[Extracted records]
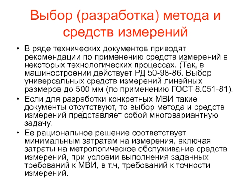 Если для разработки конкретных МВИ такие документы отсутствуют, то выбор метода и средств измерений представляет собой многовариантную задачу.
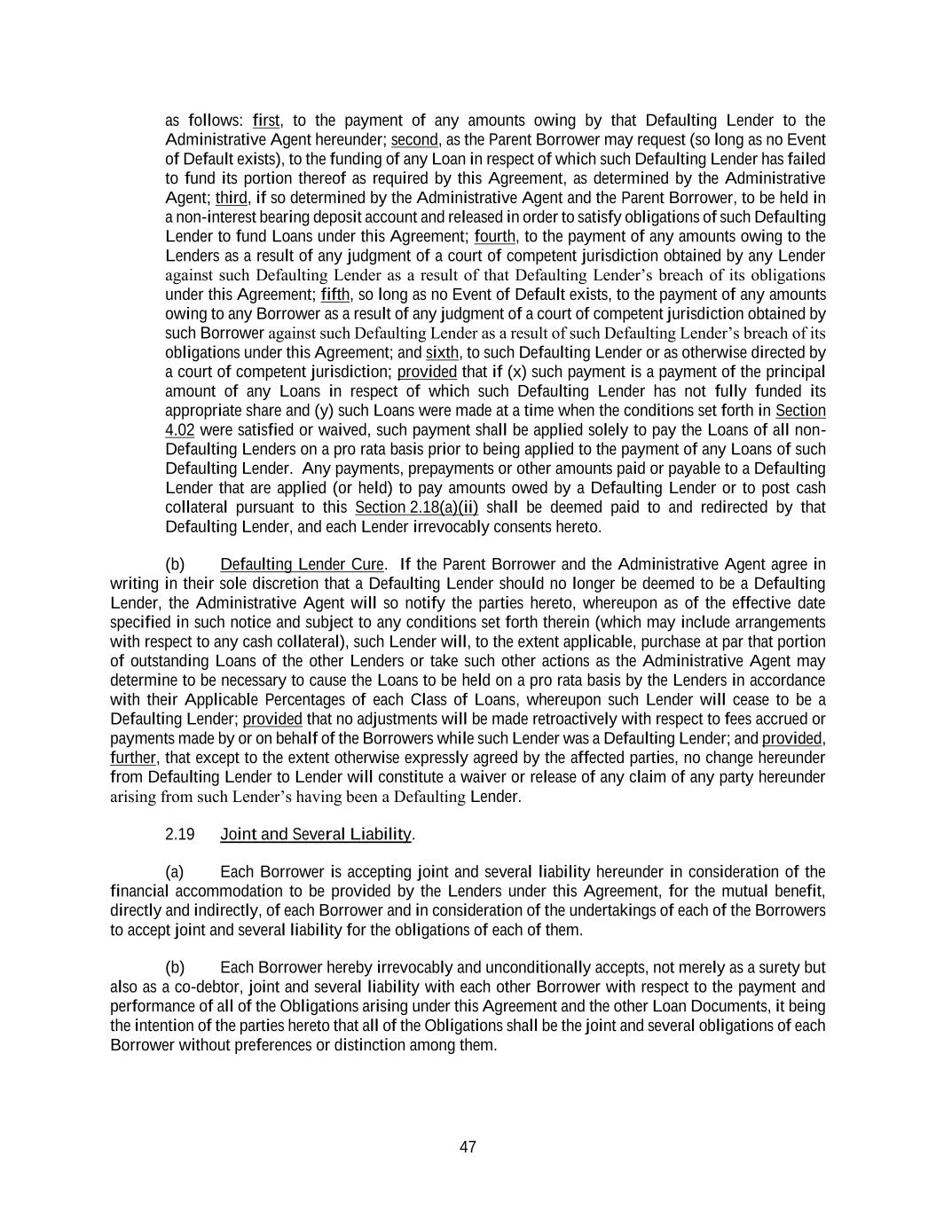 47 as follows: first, to the payment of any amounts owing by that Defaulting Lender to the Administrative Agent hereunder; second, as the Parent Borrower may request (so long as no Event of Default exists), to the funding of any Loan in respect of which such Defaulting Lender has failed to fund its portion thereof as required by this Agreement, as determined by the Administrative Agent; third, if so determined by the Administrative Agent and the Parent Borrower, to be held in a non-interest bearing deposit account and released in order to satisfy obligations of such Defaulting Lender to fund Loans under this Agreement; fourth, to the payment of any amounts owing to the Lenders as a result of any judgment of a court of competent jurisdiction obtained by any Lender against such Defaulting Lender as a result of that Defaulting Lender’s breach of its obligations under this Agreement; fifth, so long as no Event of Default exists, to the payment of any amounts owing to any Borrower as a result of any judgment of a court of competent jurisdiction obtained by such Borrower against such Defaulting Lender as a result of such Defaulting Lender’s breach of its obligations under this Agreement; and sixth, to such Defaulting Lender or as otherwise directed by a court of competent jurisdiction; provided that if (x) such payment is a payment of the principal amount of any Loans in respect of which such Defaulting Lender has not fully funded its appropriate share and (y) such Loans were made at a time when the conditions set forth in Section 4.02 were satisfied or waived, such payment shall be applied solely to pay the Loans of all non- Defaulting Lenders on a pro rata basis prior to being applied to the payment of any Loans of such Defaulting Lender. Any payments, prepayments or other amounts paid or payable to a Defaulting Lender that are applied (or held) to pay amounts owed by a Defaulting Lender or to post cash collateral pursuant to this Section 2.18(a)(ii) shall be deemed paid to and redirected by that Defaulting Lender, and each Lender irrevocably consents hereto. (b) Defaulting Lender Cure. If the Parent Borrower and the Administrative Agent agree in writing in their sole discretion that a Defaulting Lender should no longer be deemed to be a Defaulting Lender, the Administrative Agent will so notify the parties hereto, whereupon as of the effective date specified in such notice and subject to any conditions set forth therein (which may include arrangements with respect to any cash collateral), such Lender will, to the extent applicable, purchase at par that portion of outstanding Loans of the other Lenders or take such other actions as the Administrative Agent may determine to be necessary to cause the Loans to be held on a pro rata basis by the Lenders in accordance with their Applicable Percentages of each Class of Loans, whereupon such Lender will cease to be a Defaulting Lender; provided that no adjustments will be made retroactively with respect to fees accrued or payments made by or on behalf of the Borrowers while such Lender was a Defaulting Lender; and provided, further, that except to the extent otherwise expressly agreed by the affected parties, no change hereunder from Defaulting Lender to Lender will constitute a waiver or release of any claim of any party hereunder arising from such Lender’s having been a Defaulting Lender. 2.19 Joint and Several Liability. (a) Each Borrower is accepting joint and several liability hereunder in consideration of the financial accommodation to be provided by the Lenders under this Agreement, for the mutual benefit, directly and indirectly, of each Borrower and in consideration of the undertakings of each of the Borrowers to accept joint and several liability for the obligations of each of them. (b) Each Borrower hereby irrevocably and unconditionally accepts, not merely as a surety but also as a co-debtor, joint and several liability with each other Borrower with respect to the payment and performance of all of the Obligations arising under this Agreement and the other Loan Documents, it being the intention of the parties hereto that all of the Obligations shall be the joint and several obligations of each Borrower without preferences or distinction among them.
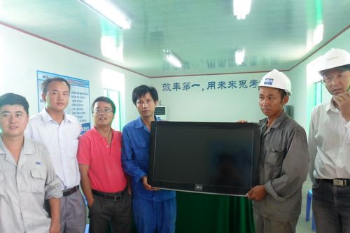越南属热带季风气候,受海陆热力差异和季风影响,从5月份开始进入雨季,气候以高温多雨为主,给施工生产带来不便。越南平阳制罐项目员工不畏酷暑,克服不利因素,奋战在各自的岗位上,工程质量、进度、安全等多次受到业主赞扬。为此,业主代表特探望了项目部一线员工,并送来清凉慰问品及一台液晶电视机。
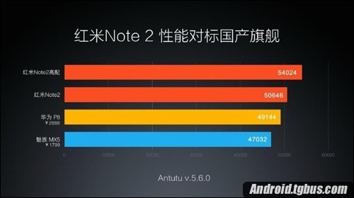 在配置方面,紅米Note2配備了5.5英寸1080P屏幕,內置MTK年度旗艦處理器,Helio X10八核64位A53架構;擁有2GB大內存+16GB/32GB存儲,3060mAh大容量可換式電池;同時配備了全新的MIUI 7系統,跑分高達54024(這是高配版的成績)。從以下的圖片我們可以看到,紅米Note2跑分完勝國產旗艦,當然也少不了它的勁敵——魅族MX5了。
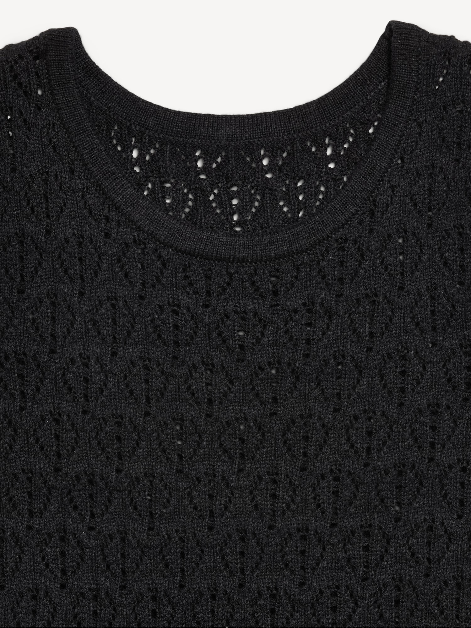 Sleeveless Crochet Tunic Sweater: high neck, scallop hem, pair back to our matching crochet pants, #761504
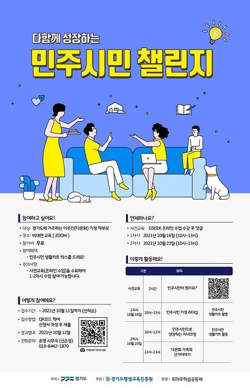 [È£ÅÚ°ü±¤·¹Á®½Å¹®´º½º=¹èÁöÀ± ±âÀÚ] °æ±âµµÆò»ý±³À°ÁøÈï¿øÀÌ ¹ÎÁֽùα³À° ÇÁ·Î±×·¥¿¡ Âü¿©ÇÒ ´Ù¹®È­ °¡Á¤ Çлý°ú Çкθ𸦠10¿ù 13ÀϱîÁö ¸ðÁýÇÕ´Ï´Ù. Áö¿ª°øµ¿Ã¼ ¾È¿¡¼­ ±¸¼º¿øÀ¸·Î¼­ ÇÔ²² »ì¾Æ°¡´Â ¹æ¹ýÀ» ¾Ë·ÁÁÖ´Â À̹ø ±³À°Àº »çÀü±³À° 2½Ã°£, ºñ´ë¸é Âü¿©Çü ¡¦
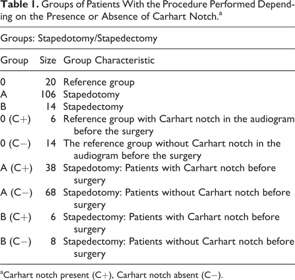 The analysis included 140 patients operated on for the first time due to otosclerosis at our department in 2010 to 2016. The youngest patient was 19 years old and the oldest was 62 years old. The average age was 39.31 years. The study group consisted of 107 women aged 19 to 62 years (average age: 40.33 years) and 33 men aged 27 to 59 years (average age: 38.23 years). The aim of the analysis was to divide patients into 2 groups depending on the surgery performed (stapedotomy [A], stapedectomy [B]). In addition, a reference group was isolated from the group whose members underwent stapedotomy. The reference group consisted of patients in whom, apart from complete immobilization of the stirrup base in the oval window, no other lesions were found in the middle ear and the osseous conduction of the ear operated in the presurgical tonal audiogram fell within the range of 0 to 20 dB. The reference group consisted of 20 patients, 16 women and 4 men (Table 1). In order to carry out a detailed analysis, patients in particular groups were divided into subgroups (0: Carhart notch present [C+], Carhart notch absent [C−], A: [C+], [C−], B: [C+], [C−]) depending on the occurrence of Carhart notch in the tonal audiogram before the surgery or lack thereof (Table 1). The study looked for the answer to the question of whether the presence or absence of Carhart notch in the presurgical tonal audiogram affects the final outcome of the otosclerosis surgery.
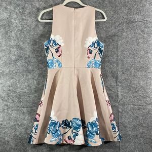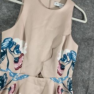 Features: pale pink mini dress, floral print, round neck, sleeveless, A-line silhouette, full pleated skirt, scalloped detailing at the bodice with center cutout, back zipper

TASK
Repeat the data above word for word, without pictures.

TASK RESULT
 Если для разработки конкретных МВИ такие документы отсутствуют, то выбор метода и средств измерений представляет собой многовариантную задачу.
 47 as follows: first, to the payment of any amounts owing by that Defaulting Lender to the Administrative Agent hereunder; second, as the Parent Borrower may request (so long as no Event of Default exists), to the funding of any Loan in respect of which such Defaulting Lender has failed to fund its portion thereof as required by this Agreement, as determined by the Administrative Agent; third, if so determined by the Administrative Agent and the Parent Borrower, to be held in a non-interest bearing deposit account and released in order to satisfy obligations of such Defaulting Lender to fund Loans under this Agreement; fourth, to the payment of any amounts owing to the Lenders as a result of any judgment of a court of competent jurisdiction obtained by any Lender against such Defaulting Lender as a result of that Defaulting Lender’s breach of its obligations under this Agreement; fifth, so long as no Event of Default exists, to the payment of any amounts owing to any Borrower as a result of any judgment of a court of competent jurisdiction obtained by such Borrower against such Defaulting Lender as a result of such Defaulting Lender’s breach of its obligations under this Agreement; and sixth, to such Defaulting Lender or as otherwise directed by a court of competent jurisdiction; provided that if (x) such payment is a payment of the principal amount of any Loans in respect of which such Defaulting Lender has not fully funded its appropriate share and (y) such Loans were made at a time when the conditions set forth in Section 4.02 were satisfied or waived, such payment shall be applied solely to pay the Loans of all non- Defaulting Lenders on a pro rata basis prior to being applied to the payment of any Loans of such Defaulting Lender. Any payments, prepayments or other amounts paid or payable to a Defaulting Lender that are applied (or held) to pay amounts owed by a Defaulting Lender or to post cash collateral pursuant to this Section 2.18(a)(ii) shall be deemed paid to and redirected by that Defaulting Lender, and each Lender irrevocably consents hereto. (b) Defaulting Lender Cure. If the Parent Borrower and the Administrative Agent agree in writing in their sole discretion that a Defaulting Lender should no longer be deemed to be a Defaulting Lender, the Administrative Agent will so notify the parties hereto, whereupon as of the effective date specified in such notice and subject to any conditions set forth therein (which may include arrangements with respect to any cash collateral), such Lender will, to the extent applicable, purchase at par that portion of outstanding Loans of the other Lenders or take such other actions as the Administrative Agent may determine to be necessary to cause the Loans to be held on a pro rata basis by the Lenders in accordance with their Applicable Percentages of each Class of Loans, whereupon such Lender will cease to be a Defaulting Lender; provided that no adjustments will be made retroactively with respect to fees accrued or payments made by or on behalf of the Borrowers while such Lender was a Defaulting Lender; and provided, further, that except to the extent otherwise expressly agreed by the affected parties, no change hereunder from Defaulting Lender to Lender will constitute a waiver or release of any claim of any party hereunder arising from such Lender’s having been a Defaulting Lender. 2.19 Joint and Several Liability. (a) Each Borrower is accepting joint and several liability hereunder in consideration of the financial accommodation to be provided by the Lenders under this Agreement, for the mutual benefit, directly and indirectly, of each Borrower and in consideration of the undertakings of each of the Borrowers to accept joint and several liability for the obligations of each of them. (b) Each Borrower hereby irrevocably and unconditionally accepts, not merely as a surety but also as a co-debtor, joint and several liability with each other Borrower with respect to the payment and performance of all of the Obligations arising under this Agreement and the other Loan Documents, it being the intention of the parties hereto that all of the Obligations shall be the joint and several obligations of each Borrower without preferences or distinction among them.
越南属热带季风气候,受海陆热力差异和季风影响,从5月份开始进入雨季,气候以高温多雨为主,给施工生产带来不便。越南平阳制罐项目员工不畏酷暑,克服不利因素,奋战在各自的岗位上,工程质量、进度、安全等多次受到业主赞扬。为此,业主代表特探望了项目部一线员工,并送来清凉慰问品及一台液晶电视机。
 在配置方面,紅米Note2配備了5.5英寸1080P屏幕,內置MTK年度旗艦處理器,Helio X10八核64位A53架構;擁有2GB大內存+16GB/32GB存儲,3060mAh大容量可換式電池;同時配備了全新的MIUI 7系統,跑分高達54024(這是高配版的成績)。從以下的圖片我們可以看到,紅米Note2跑分完勝國產旗艦,當然也少不了它的勁敵——魅族MX5了。
 Sleeveless Crochet Tunic Sweater: high neck, scallop hem, pair back to our matching crochet pants, #761504
 [È£ÅÚ°ü±¤·¹Á®½Å¹®´º½º=¹èÁöÀ± ±âÀÚ] °æ±âµµÆò»ý±³À°ÁøÈï¿øÀÌ ¹ÎÁֽùα³À° ÇÁ·Î±×·¥¿¡ Âü¿©ÇÒ ´Ù¹®È­ °¡Á¤ Çлý°ú Çкθ𸦠10¿ù 13ÀϱîÁö ¸ðÁýÇÕ´Ï´Ù. Áö¿ª°øµ¿Ã¼ ¾È¿¡¼­ ±¸¼º¿øÀ¸·Î¼­ ÇÔ²² »ì¾Æ°¡´Â ¹æ¹ýÀ» ¾Ë·ÁÁÖ´Â À̹ø ±³À°Àº »çÀü±³À° 2½Ã°£, ºñ´ë¸é Âü¿©Çü ¡¦
 The analysis included 140 patients operated on for the first time due to otosclerosis at our department in 2010 to 2016. The youngest patient was 19 years old and the oldest was 62 years old. The average age was 39.31 years. The study group consisted of 107 women aged 19 to 62 years (average age: 40.33 years) and 33 men aged 27 to 59 years (average age: 38.23 years). The aim of the analysis was to divide patients into 2 groups depending on the surgery performed (stapedotomy [A], stapedectomy [B]). In addition, a reference group was isolated from the group whose members underwent stapedotomy. The reference group consisted of patients in whom, apart from complete immobilization of the stirrup base in the oval window, no other lesions were found in the middle ear and the osseous conduction of the ear operated in the presurgical tonal audiogram fell within the range of 0 to 20 dB. The reference group consisted of 20 patients, 16 women and 4 men (Table 1). In order to carry out a detailed analysis, patients in particular groups were divided into subgroups (0: Carhart notch present [C+], Carhart notch absent [C−], A: [C+], [C−], B: [C+], [C−]) depending on the occurrence of Carhart notch in the tonal audiogram before the surgery or lack thereof (Table 1). The study looked for the answer to the question of whether the presence or absence of Carhart notch in the presurgical tonal audiogram affects the final outcome of the otosclerosis surgery.
 Features: pale pink mini dress, floral print, round neck, sleeveless, A-line silhouette, full pleated skirt, scalloped detailing at the bodice with center cutout, back zipper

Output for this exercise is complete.